> [Aim of the task]
Reproduce verbatim the line containing "L’Agenzia Funebre Berardo" and every line that follows it through the end of the entries below, omitting all pictures.

> [Records to use]
-=-=-

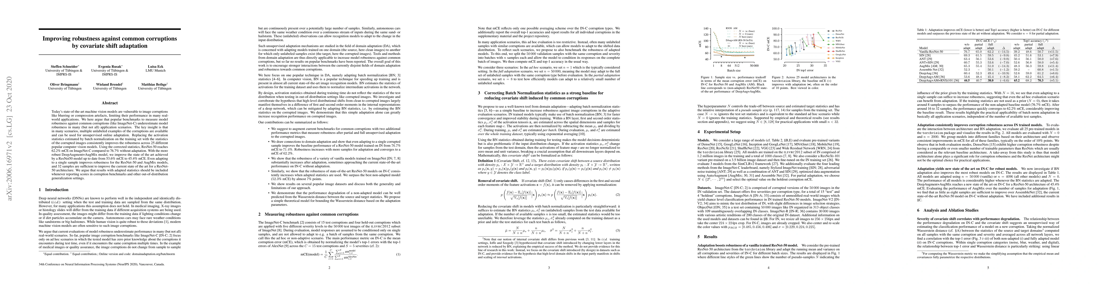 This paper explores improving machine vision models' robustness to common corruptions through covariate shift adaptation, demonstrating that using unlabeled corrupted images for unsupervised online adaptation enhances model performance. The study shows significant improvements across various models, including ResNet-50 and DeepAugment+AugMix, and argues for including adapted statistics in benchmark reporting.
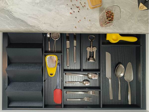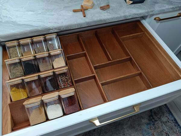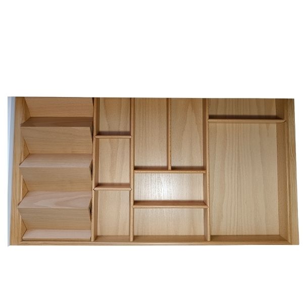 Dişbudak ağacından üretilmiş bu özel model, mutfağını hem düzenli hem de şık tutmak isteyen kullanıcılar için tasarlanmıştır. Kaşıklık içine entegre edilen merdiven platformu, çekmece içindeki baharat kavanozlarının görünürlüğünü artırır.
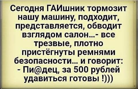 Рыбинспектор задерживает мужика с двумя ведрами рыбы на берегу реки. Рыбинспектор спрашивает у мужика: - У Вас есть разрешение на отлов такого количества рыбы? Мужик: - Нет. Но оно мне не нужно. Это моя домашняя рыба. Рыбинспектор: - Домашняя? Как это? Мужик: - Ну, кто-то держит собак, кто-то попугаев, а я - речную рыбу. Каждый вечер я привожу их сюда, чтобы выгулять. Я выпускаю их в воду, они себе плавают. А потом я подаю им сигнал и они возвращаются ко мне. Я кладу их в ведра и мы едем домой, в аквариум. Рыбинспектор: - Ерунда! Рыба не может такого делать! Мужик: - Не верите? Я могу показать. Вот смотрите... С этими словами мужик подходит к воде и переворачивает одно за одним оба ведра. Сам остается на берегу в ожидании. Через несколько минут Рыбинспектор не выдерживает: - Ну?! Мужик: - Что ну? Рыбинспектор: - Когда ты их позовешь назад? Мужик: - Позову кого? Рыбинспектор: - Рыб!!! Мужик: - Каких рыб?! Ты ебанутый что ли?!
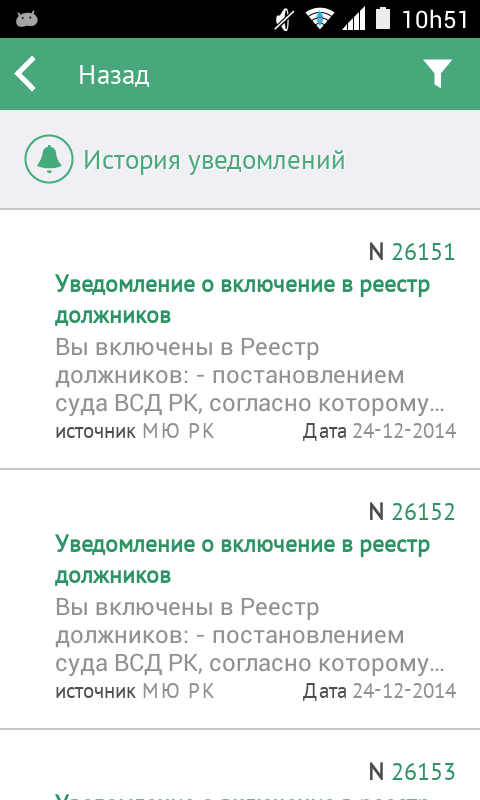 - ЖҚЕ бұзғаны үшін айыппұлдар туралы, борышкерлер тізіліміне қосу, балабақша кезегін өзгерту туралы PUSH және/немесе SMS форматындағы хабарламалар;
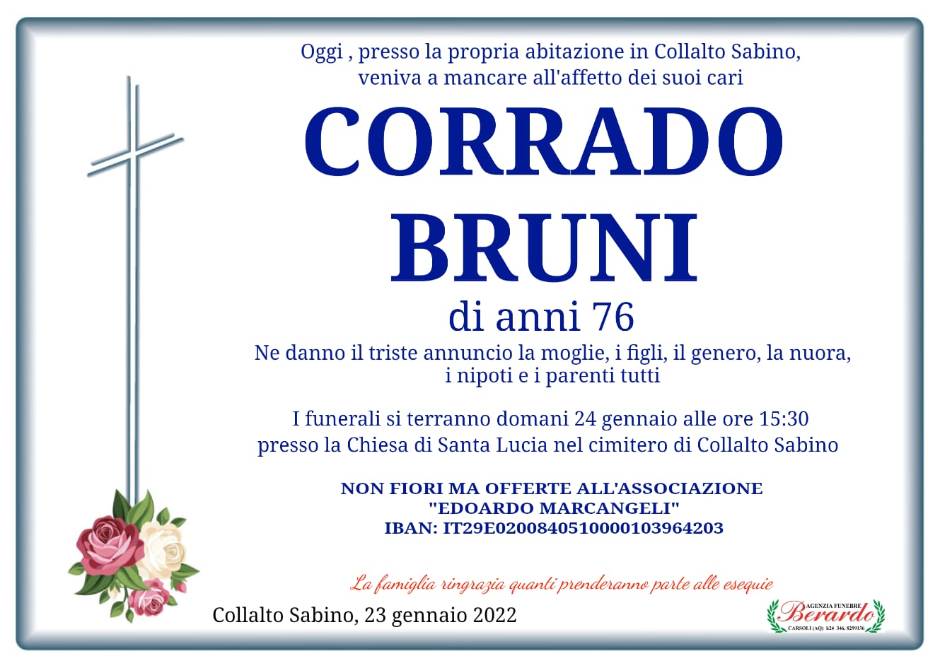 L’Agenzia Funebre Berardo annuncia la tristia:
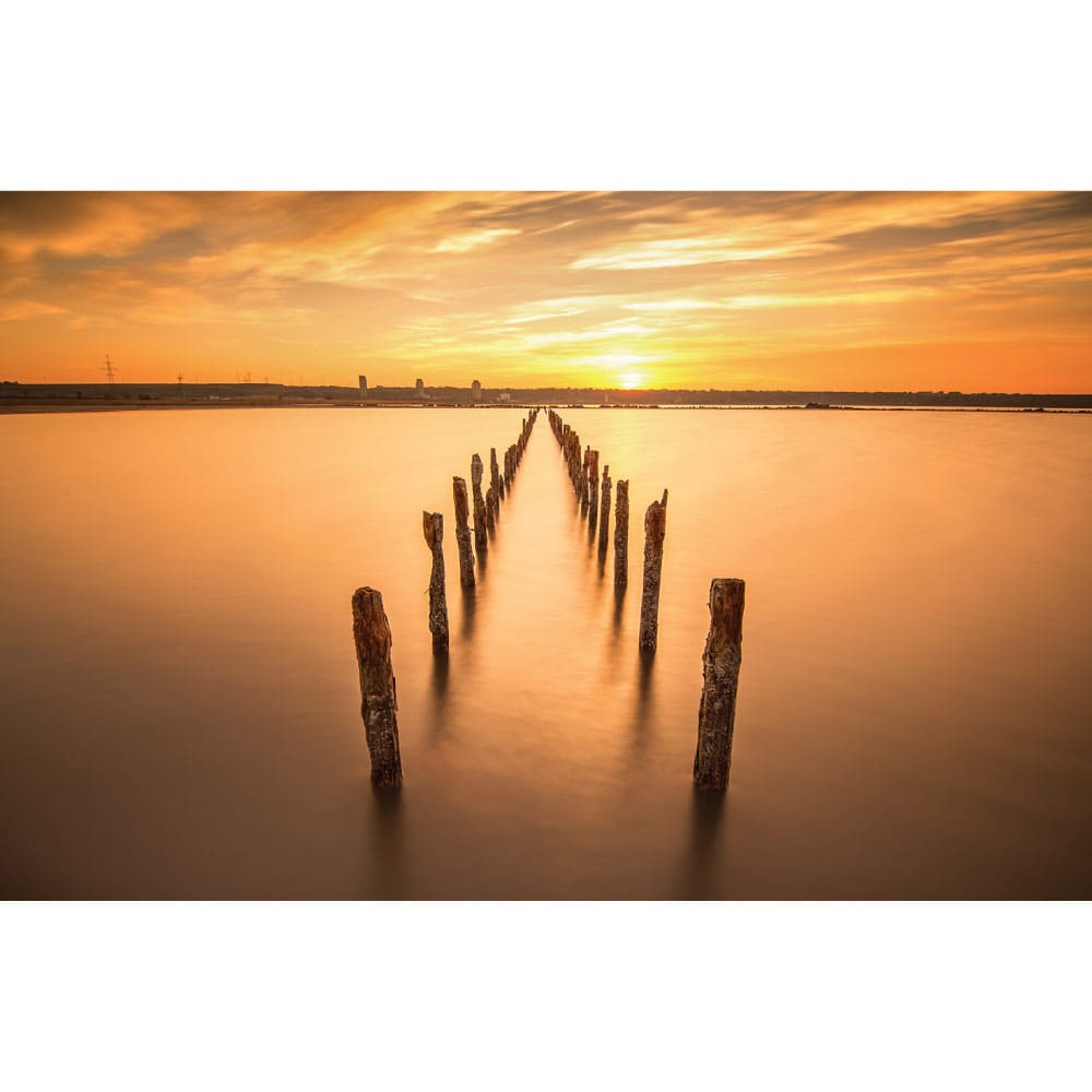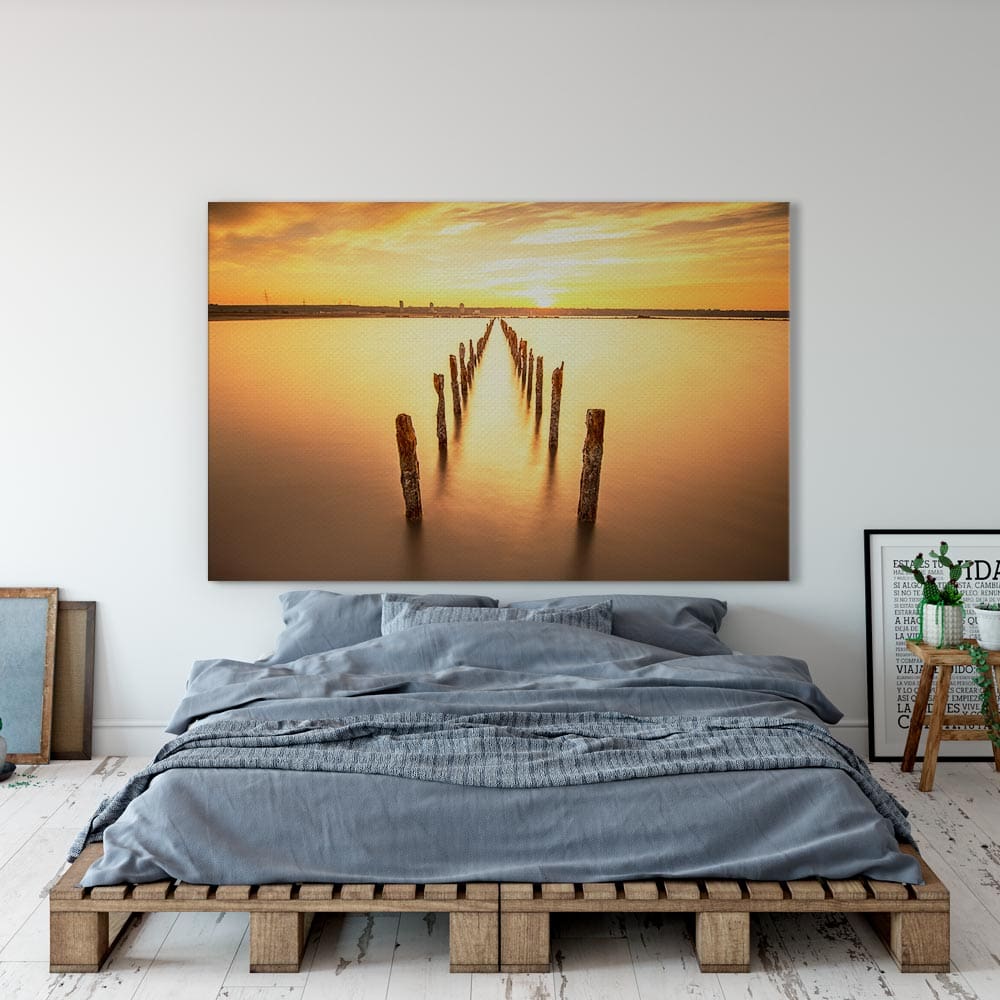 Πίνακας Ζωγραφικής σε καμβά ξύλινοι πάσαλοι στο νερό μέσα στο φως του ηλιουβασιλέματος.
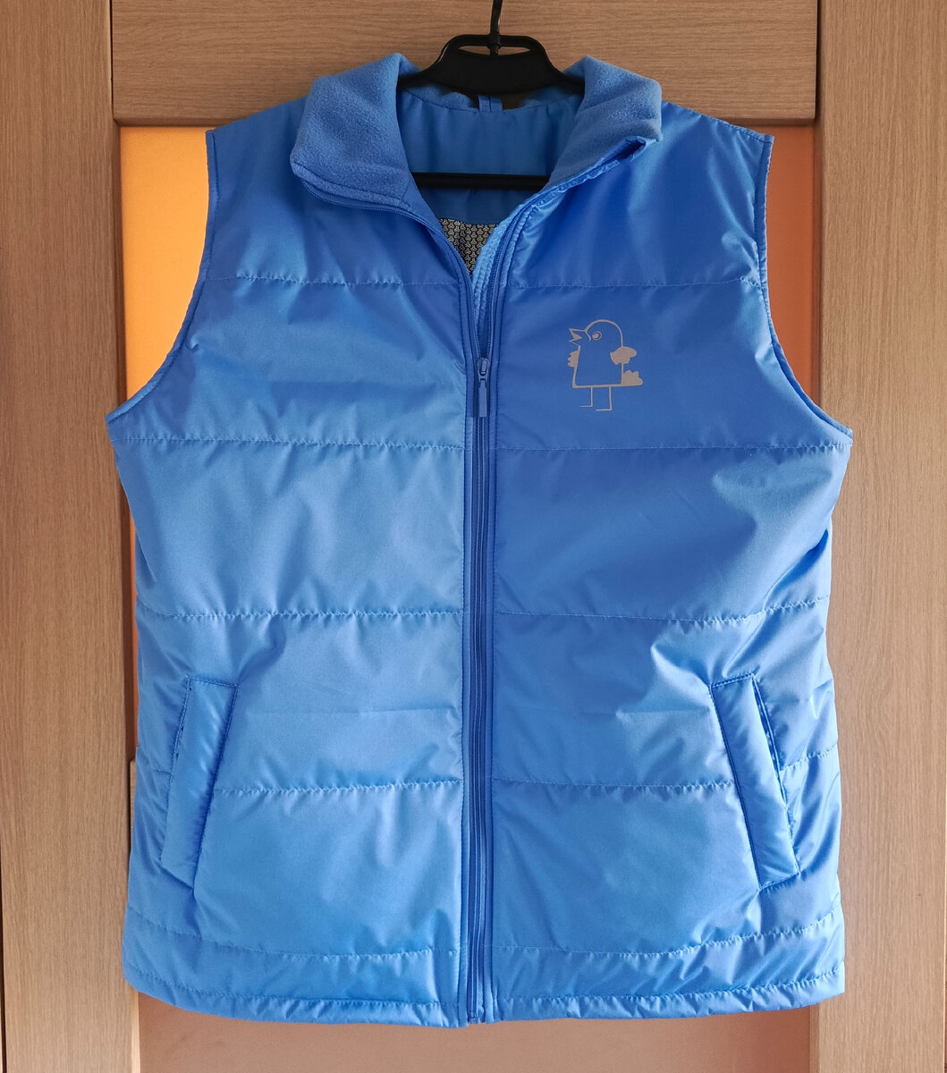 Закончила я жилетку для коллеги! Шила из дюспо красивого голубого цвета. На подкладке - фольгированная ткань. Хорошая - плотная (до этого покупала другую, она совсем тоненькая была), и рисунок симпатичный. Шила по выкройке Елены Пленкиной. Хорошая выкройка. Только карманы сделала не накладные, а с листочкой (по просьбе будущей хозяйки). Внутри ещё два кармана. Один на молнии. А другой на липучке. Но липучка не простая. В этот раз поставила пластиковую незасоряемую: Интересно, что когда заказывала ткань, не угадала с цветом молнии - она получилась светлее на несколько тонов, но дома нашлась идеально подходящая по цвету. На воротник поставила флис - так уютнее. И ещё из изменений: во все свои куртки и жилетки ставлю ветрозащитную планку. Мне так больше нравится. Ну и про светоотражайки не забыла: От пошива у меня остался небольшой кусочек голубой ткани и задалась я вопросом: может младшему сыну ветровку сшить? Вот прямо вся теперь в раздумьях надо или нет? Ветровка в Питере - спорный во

-=-=-

> [Task result]
 L’Agenzia Funebre Berardo annuncia la tristia:
 Πίνακας Ζωγραφικής σε καμβά ξύλινοι πάσαλοι στο νερό μέσα στο φως του ηλιουβασιλέματος.
 Закончила я жилетку для коллеги! Шила из дюспо красивого голубого цвета. На подкладке - фольгированная ткань. Хорошая - плотная (до этого покупала другую, она совсем тоненькая была), и рисунок симпатичный. Шила по выкройке Елены Пленкиной. Хорошая выкройка. Только карманы сделала не накладные, а с листочкой (по просьбе будущей хозяйки). Внутри ещё два кармана. Один на молнии. А другой на липучке. Но липучка не простая. В этот раз поставила пластиковую незасоряемую: Интересно, что когда заказывала ткань, не угадала с цветом молнии - она получилась светлее на несколько тонов, но дома нашлась идеально подходящая по цвету. На воротник поставила флис - так уютнее. И ещё из изменений: во все свои куртки и жилетки ставлю ветрозащитную планку. Мне так больше нравится. Ну и про светоотражайки не забыла: От пошива у меня остался небольшой кусочек голубой ткани и задалась я вопросом: может младшему сыну ветровку сшить? Вот прямо вся теперь в раздумьях надо или нет? Ветровка в Питере - спорный во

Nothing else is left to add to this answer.